[78-L] Does this episode of Hoarders apply to you?

Michael Biel mbiel at mbiel.com
Mon Aug 1 22:43:49 PDT 2011


On 8/1/2011 6:30 PM, Don Chichester wrote:
> I am very much the same: an accumulator, but not of junk.  Just stuff.
>
> Also, I have a huge video collection of Johnny Carson monologues I once thought I'd love to watch again.  Never have.

If the are from the first ten years or so you have a goldmine because 
they are desperate for them.  They have almost everything since the 
mover to L.A. and they have even set up a website where the monologues 
are searchable -- they have put them all thru speech recognition 
programs to make digital scripts.  They make a fortune licensing clips.

>   Lots of Jay Leno Tonight Show monologues, too, in his early days.  I stopped recording when I realised I would probably never watch them again.  Sad.
>
> Don Chichester
>
If you really do want to get rid of them, I'd be interested.

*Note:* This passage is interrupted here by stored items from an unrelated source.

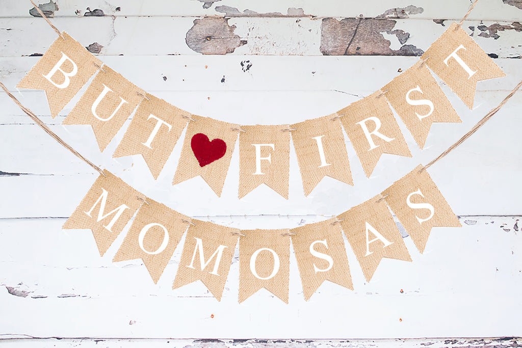 Mothers Day Decor. The perfect momosa banner for a Mothers Day brunch! Add a little extra decoration to your mother's day brunch to match your mimosa bar. Bright white lettering with red hearts stenciled on burlap. Perfect to take a photo on Mother's day or to hang over your lunch table.
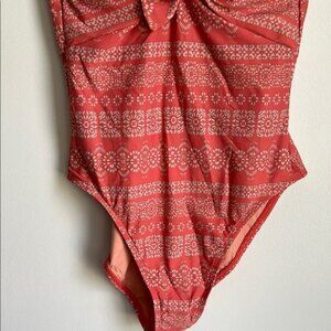 This vibrant orange one-piece swimsuit by Robin Piccone features a flattering sweetheart neckline with a charming bow detail.
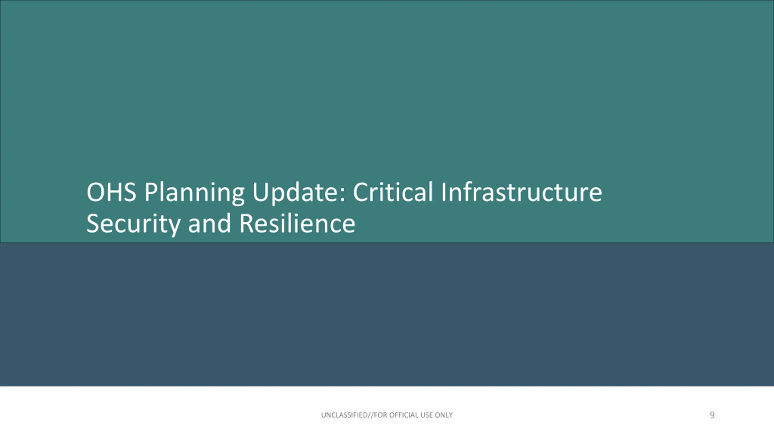 State of Hawaii Office of Homeland Security OHS Planning Update: Critical Infrastructure Security and Resilience 9 UNCLASSIFIED//FOR OFFICIAL USE ONLY
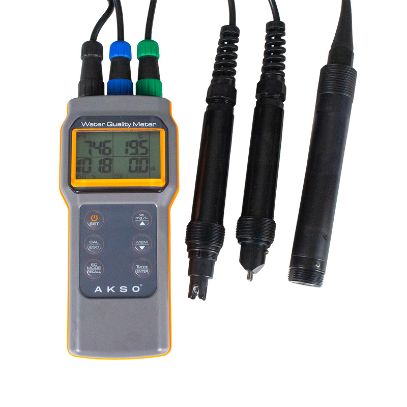 AK88+ é um medidor multiparâmetro projetado para análises completas da qualidade da água, realizando medições de pH, condutividade, salinidade, oxigênio dissolvido, TDS e temperatura. Prático e eficiente, o instrumento permite que todos os parâmetros sejam obtidos em uma única imersão, exibindo os resultados simultaneamente em seu amplo visor, otimizando rotinas de campo e laboratório.
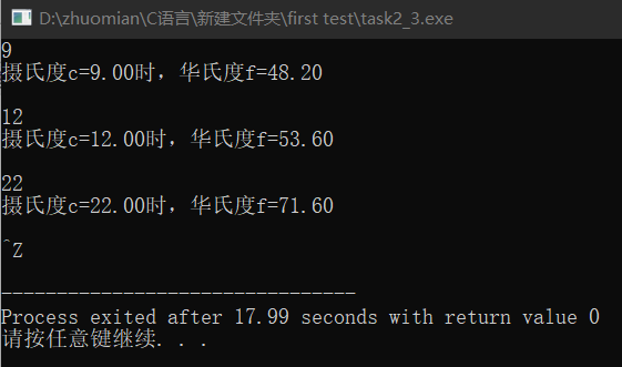 1 //task2_3 2 #include<stdio.h> 3 #include<math.h> 4 5 int main() 6 { 7 double c,f; 8 while(scanf("%lf",&c)!=EOF) 9 { 10 f=9*c/5+32; 11 printf("摄氏度c=%.2f时,华氏度f=%.2f\n",c,f); 12 printf("\n"); 13 } 14 15 return 0; 16 }

If you had recorded Steve Allen's Westyinghouse series you might be rich 
since Group W purposefully erased them to spite Steve in a contract 
dispute.

Phil Gries has a going business selling dubs of AUDIO recordings of TV 
programs.  He has every program and guest cataloged.  It all boils down 
to cataloging, and that is the problem both of the woman on the program 
as well as myself.  There is probably a lot of valuable stuff in her 
collection -- her son sarcastically put down the possibility that 
someone might ask her for a 1982 Phil Donohue program.  It happens all 
the time.   A few days ago Leah happened to bring up a program from 1982 
that I had recorded that we need to compare with the DVD set of it she 
picked up in Toronto last week. She told me where it is shelved.  The 
WKRP programs we occasionally recorded on first run are noted to be 
different from the DVD issues and the syndicated versions.  There's a 
web site listing all the changes in the various editions.  There are 
lost episodes of Dr. Who which have turned up in private collections.  
There are some amazing things being posted on YouTube from private 
collections that the producers either don't have or are not interested 
in releasing.  Tom Lehrer discovered the existence of the TV show he did 
in Sweden on YouTube and he had it released by Rhino last year.

Mike Biel  mbiel at mbiel.com

You will notice that the taping woman started out with neat shelving -- 
and the problem is when you run out of shelving space.